Table 1. Results of measuring token usage and cost per session on some of my recent queries.

The results in Table 1. indicate that the bigger win is likely to come from reducing the amount of context and thus token usage rather than reducing the number of completions generated. Based on table 1 it looks like we could at best reduce the number of LLM calls by 2x-4x. For comparison, it looks like input token is typically 100x our output tokens. Since we ask the model to generate a single code block (although it may generate more), we can use the output tokens as a rough estimate of the number of tokens in a typical cell. This suggests we are using ~10-100 cells of context for each completion. This is likely way more than we need.

Discussion

Long Documents

I think the outliers in the results in Table 1, e.g. 01J83RZGPCJ7FJKNQ2G2CV7JZV which cost $.36, can be explained by long documents. I use a given markdown document to take running notes on a topic. So the length of the document can grow quite long leading to a lot of context being sent to Claude.

In some cases, earlier portions of the document are highly relevant. Consider the following sequence of actions:

  • I come up with a logging query to observe some part of the system
  • The result shows something surprising
  • I run a bunch of commands to investigate whats happening
  • I want to rerun the logging query

In this case, the cell containing the earlier query can provide useful context for the current query.

Including large portions of the document may not be the most token efficient way to make that context available to the model. In Foyle since learning happens online, relying on learning to index the earlier cell(s) and retrieve the relevant ones might be a more cost effective mechanism than relying on a huge context window.

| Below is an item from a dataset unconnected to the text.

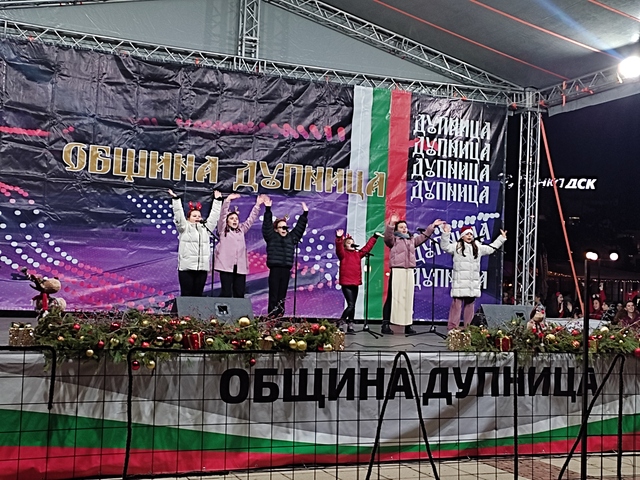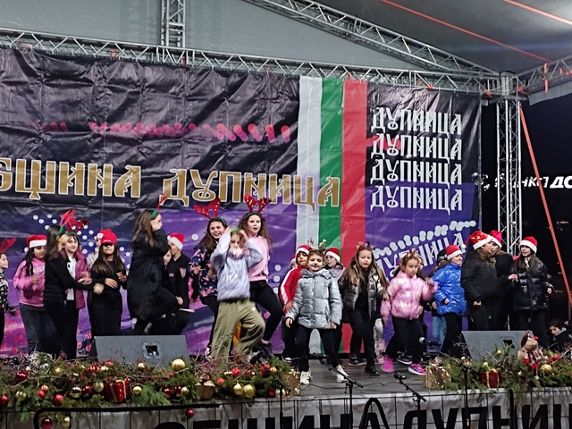 Коледните светлини озариха тази вечер площад „Свобода“ в Дупница. Тон на празничното настроение в навечерието на Рождество Христово дадоха малките изпълнители от вокална група „Арт поп“, които с много усмивки пяха коледни песни.

How much context should we use?

If we set a budget for sessions than we can use that to put a cap on the number of input tokens.

Lets assume we want to spend ~ $.01 on input tokens per session. This suggests we should use ~3333 input tokens per session.

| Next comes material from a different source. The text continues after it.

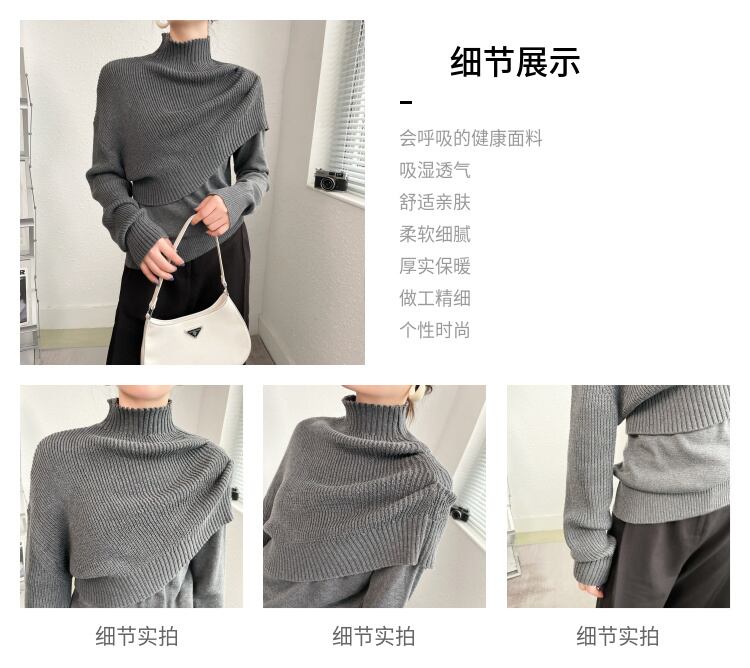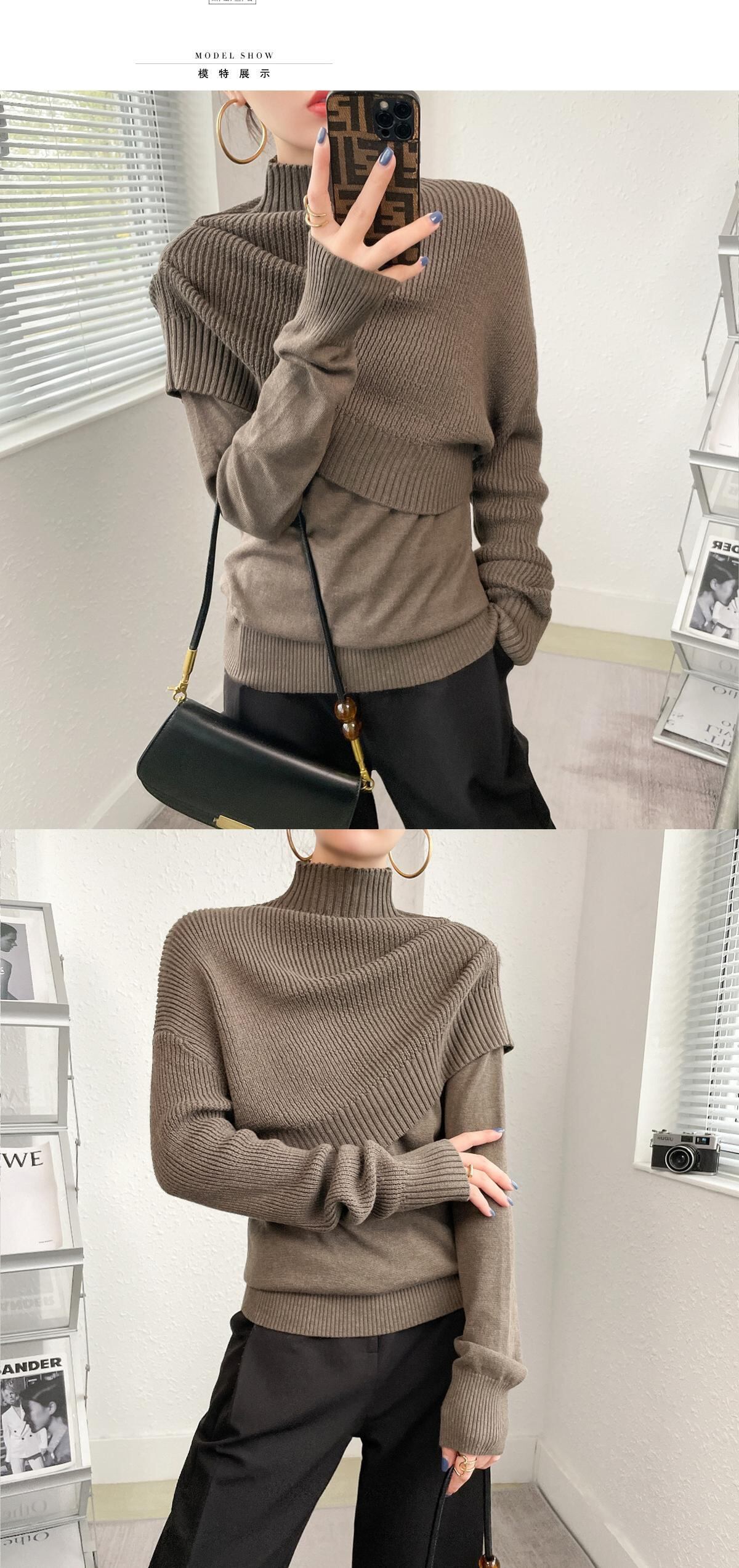 偽 2 白タートルネックセーター女性ジャージーカシミヤ特大セータースリムニットトップス黒シャツジャンパー ホワイト ブラック asa28242220560

If we assume ~6 completions per session then we should use a max of ~555 input tokens per completion.

We currently limit the context based on characters to 16000 which should be ~8000 tokens (assuming 1 token = 2 characters)

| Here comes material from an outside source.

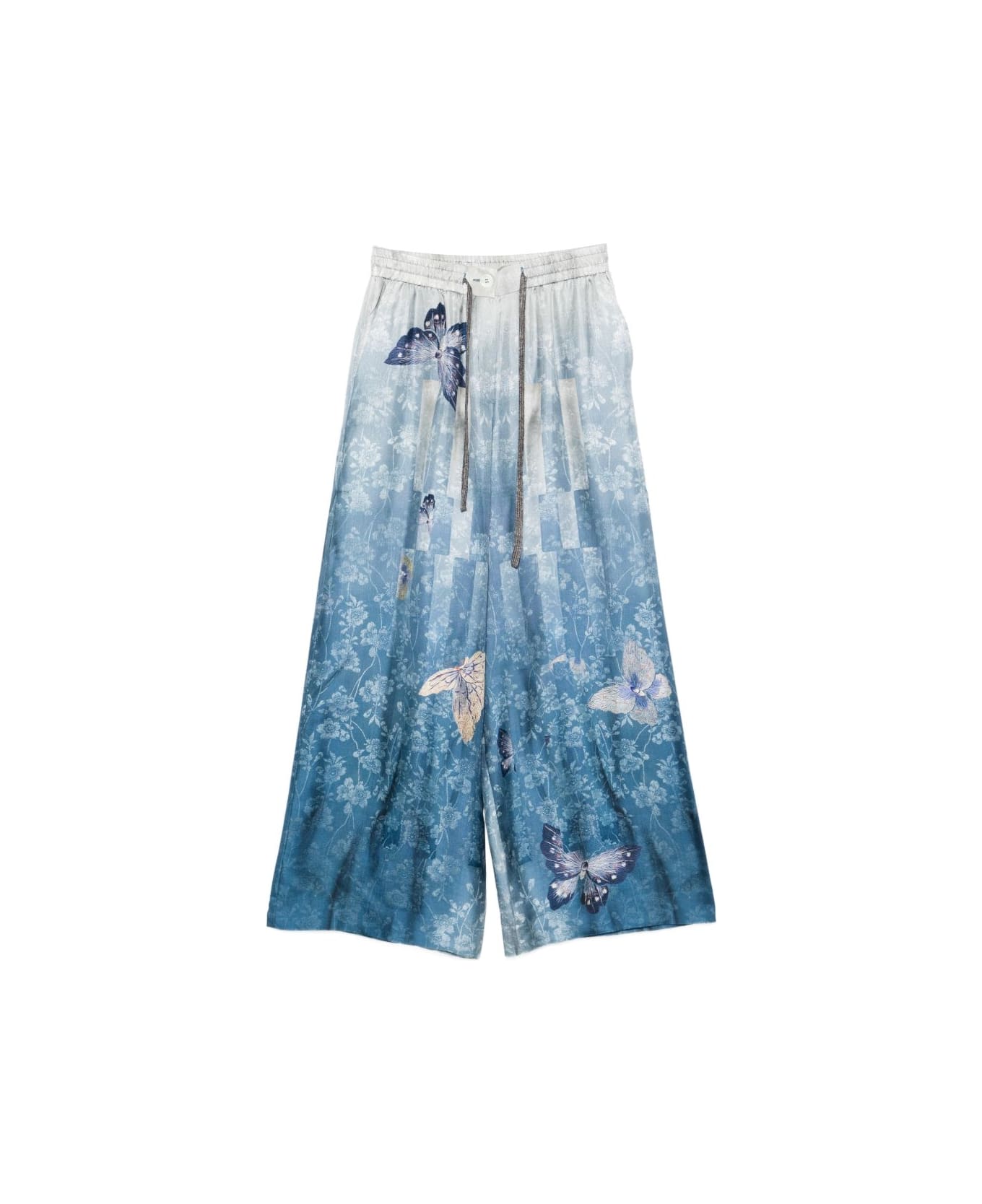 blue and multicolour butterfly print floral print drawstring fastening elasticated waistband button fastening

num_generate_traces with outliers

A cell with a really high number of completions (e.g. 24) is likely to be a cell that a user spends a long time writing. For me at least, these cells tend to correspond to cells where I’m writing exposition and not necessarily expressing intents that should be turned into commands. So in the future we might want to consider how to detect this and limit completion generation in those calls.

Less Tokens -> More completions

Right now our algorithm for deciding when to initiate a new completion in a session is pretty simple. If the cell contents have changed then we generate a new completion as soon as the current running completion finishes. Reducing input tokens will likely make generations faster. So by reducing input tokens we might increase the average number of completions per session which might offset some of the cost reductions due to fewer input tokens.

Appendix: Curious Result - Number Of Session Starts

In the course of this analysis I observed the surprising result that the number of session starts is higher than the number StreamGenerate events.

We can use logs to count the number of events in a 14 day window.

Event TypeCount
Session Start792
Agent.StreamGenerate332
Agent.Generate1487

I’m surprised that the number of Session Start events is higher than the number of Agent.StreamEvents. I would have expected Agent.StreamGenerate to be higher than Session Start since for a given session the stream might be recreated multiple times (e.g. due to timeouts). A SessionStart is reported when the active text editor changes. A stream should be created when the cell contents change. So the data implies that we switch the active text editor without changing the cell contents.

The number of Agent.Generate events is ~4.5x higher than Agent.StreamGenerate. This means on average we do at least 4.5 completions per session. However, a session could consist of multiple StreamGenerate requests because the stream can be interrupted and restarted; e.g. because of timeouts.